A significant number of GOP voters tell pollsters at PRRI, the independent and non-partisan Public Religion Research Institute, that they believe the government, media, and financial worlds in the U.S. are controlled by a group of Satan-worshiping pedophiles who run a global child sex-trafficking operation.
Really. Satan-worshiping pedophiles.
Public belief in Q-Anon themes persisted throughout 2021 and continue into 2022. It has not exhausted itself over time, nor in Trump's absence from the White House. Q-Anon believers represent a significant plurality of the GOP primary election voter. Q-Anon believers and mostly-agreers skew toward poorer and less educated Americans, especially in the American South. Believers primarily watch Fox, Newsmax, and One America News. Q-Anon believers skew Republican, with 25% of all Republicans believing the major themes of the Q-Anon message. The presidential candidate who has the support of that block can win the GOP nomination.

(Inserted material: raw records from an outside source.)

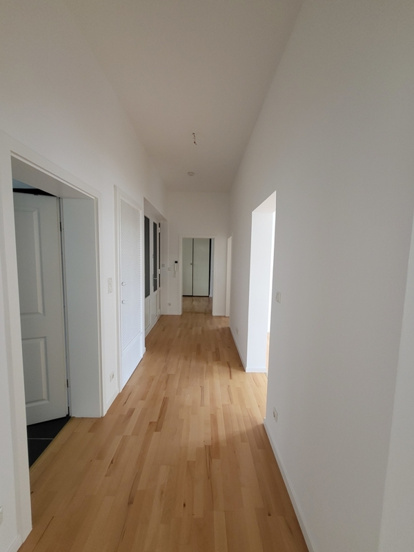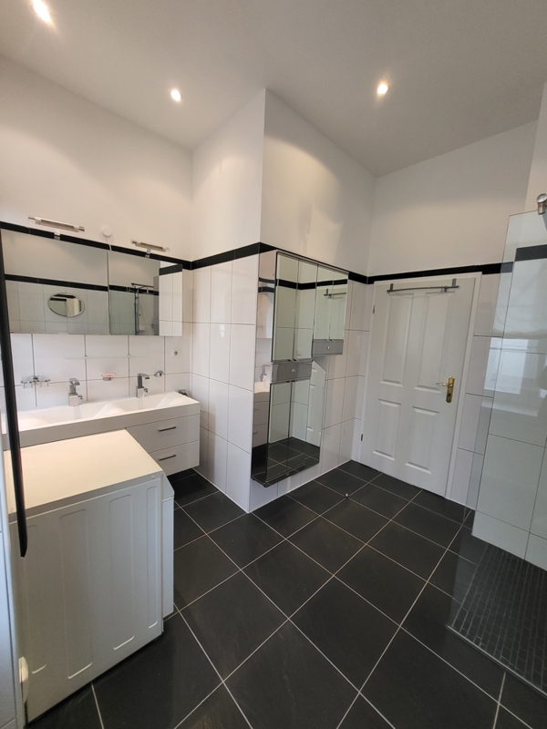 Das Tageslichtbad bietet mit seiner Ausstattung eine Dusche und ein Bidet. Jenes ist schwarz/weiß und erstrahlt tagsüber ebenfalls in natürlichem Licht. Zusätzlich wird die Dusche abgesenkt und sorgt somit für einen angenehmen Zugang. Der Flur dieses Objektes verbindet jeden einzelnen Raum.
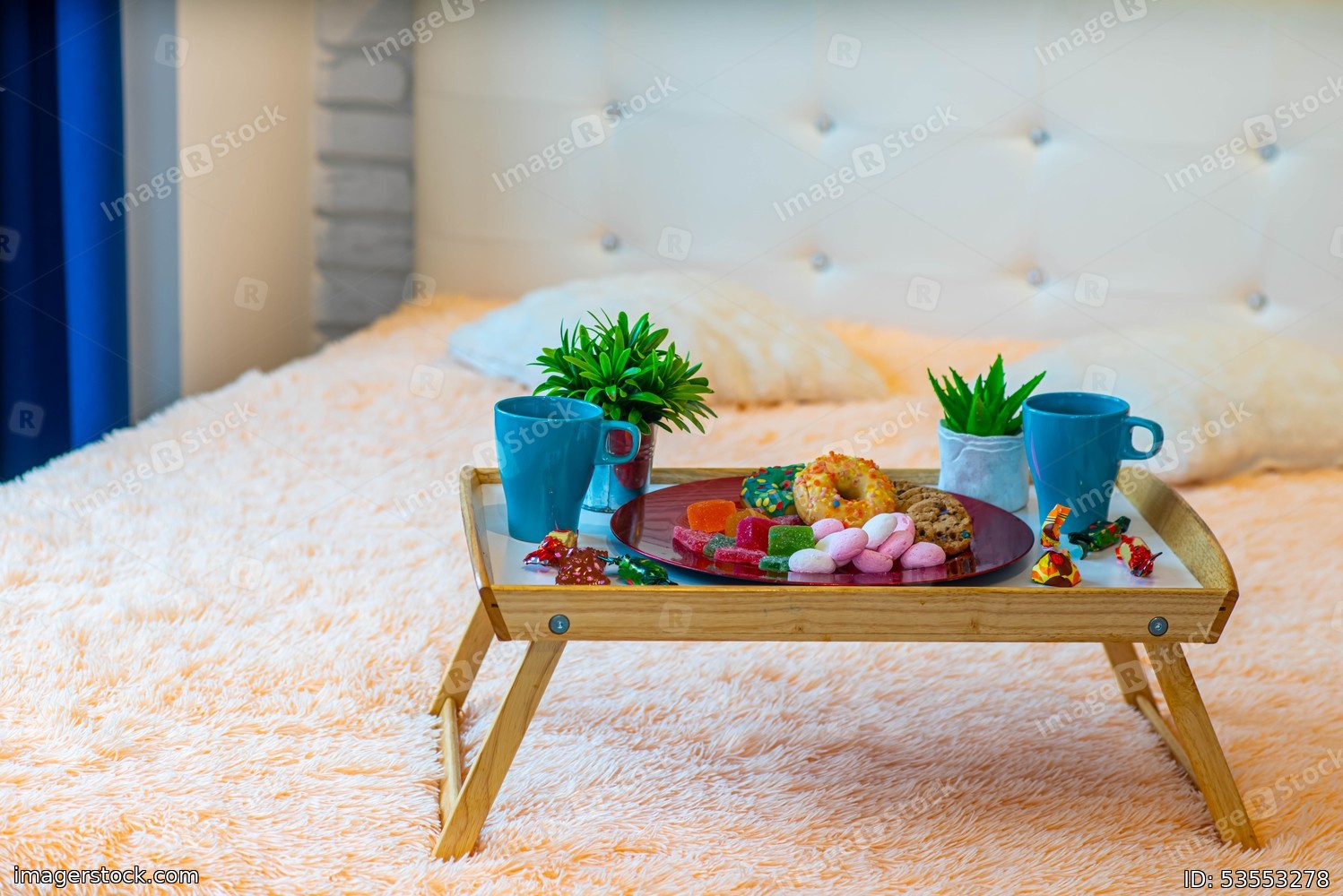 Close-up of tray with breakfast on the bed. Romantic composition. Couple of mugs, sweets and donut. Modern interior.
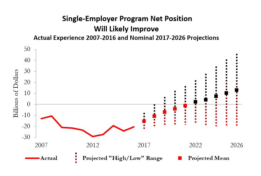 複数事業主プランは、2025年に破綻する見込みとなっている。これは昨年のレポートから変わっていない。他方、単独事業主プランは、収益が改善していき、2022年には黒字化すると見込まれている。一連の改善策の効果が出始めているのだろう。なお、トランプ大統領が予算教書で提案した、複数事業主プランに対する可変保険料と退出保険料が導入されれば、今後10年間で$16Bの増収となると見込んでいる(「Topics2017年5月25日 予算教書:年金関係提案」参照)。
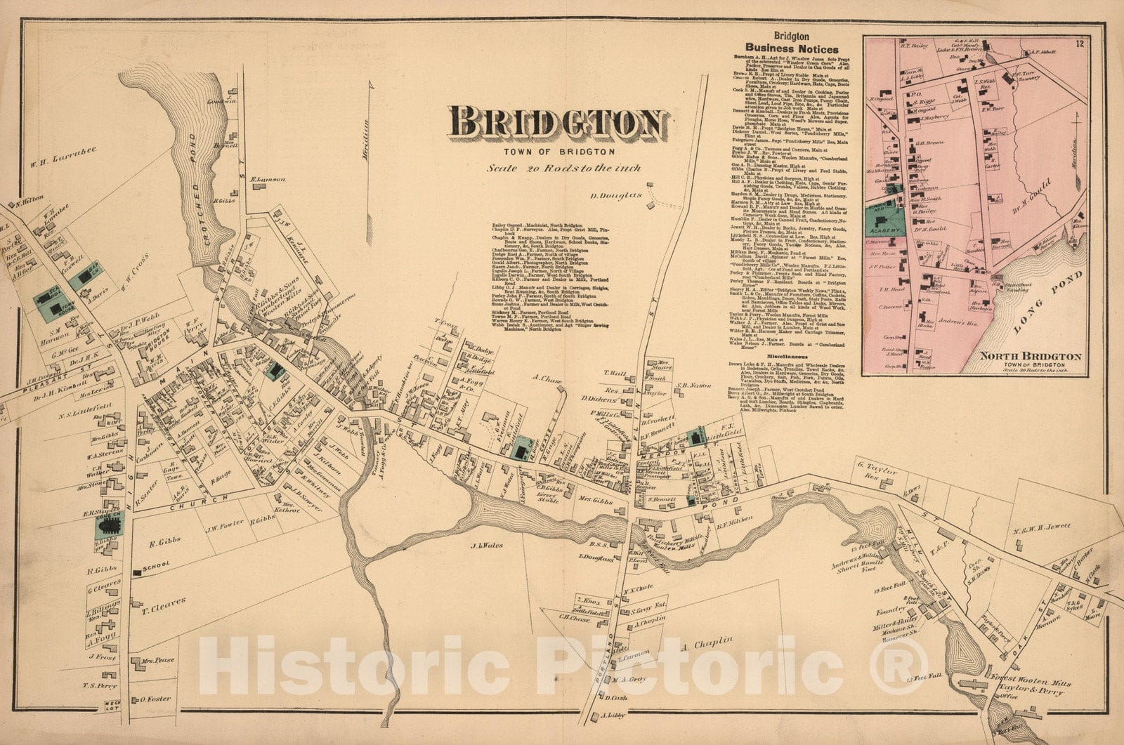 Historic Map : 1871 Bridgton, Cumberland County, Maine. North Bridgton. - Vintage Wall Art

The message in yesterday's blog post, and in many previous to that, is that the brands and policies of the two parties are being shaped by their extremes. Politicians hoping to appeal to the general electorate first need to be compliant with the reliable, activist partisan voter. For Republicans in 2022, that means making the claim that pedophilia--possibly by Satan-worshipers--is a widespread problem carried out by people who represent the Democratic establishment, most recently Judge Jackson.
Do Cruz, Hawley, Cotton, and Lee believe Judge Jackson is pedophilia-friendly? Of course not. But they say it because a lot of GOP voters want to hear it because they believe it. Or sort of believe it.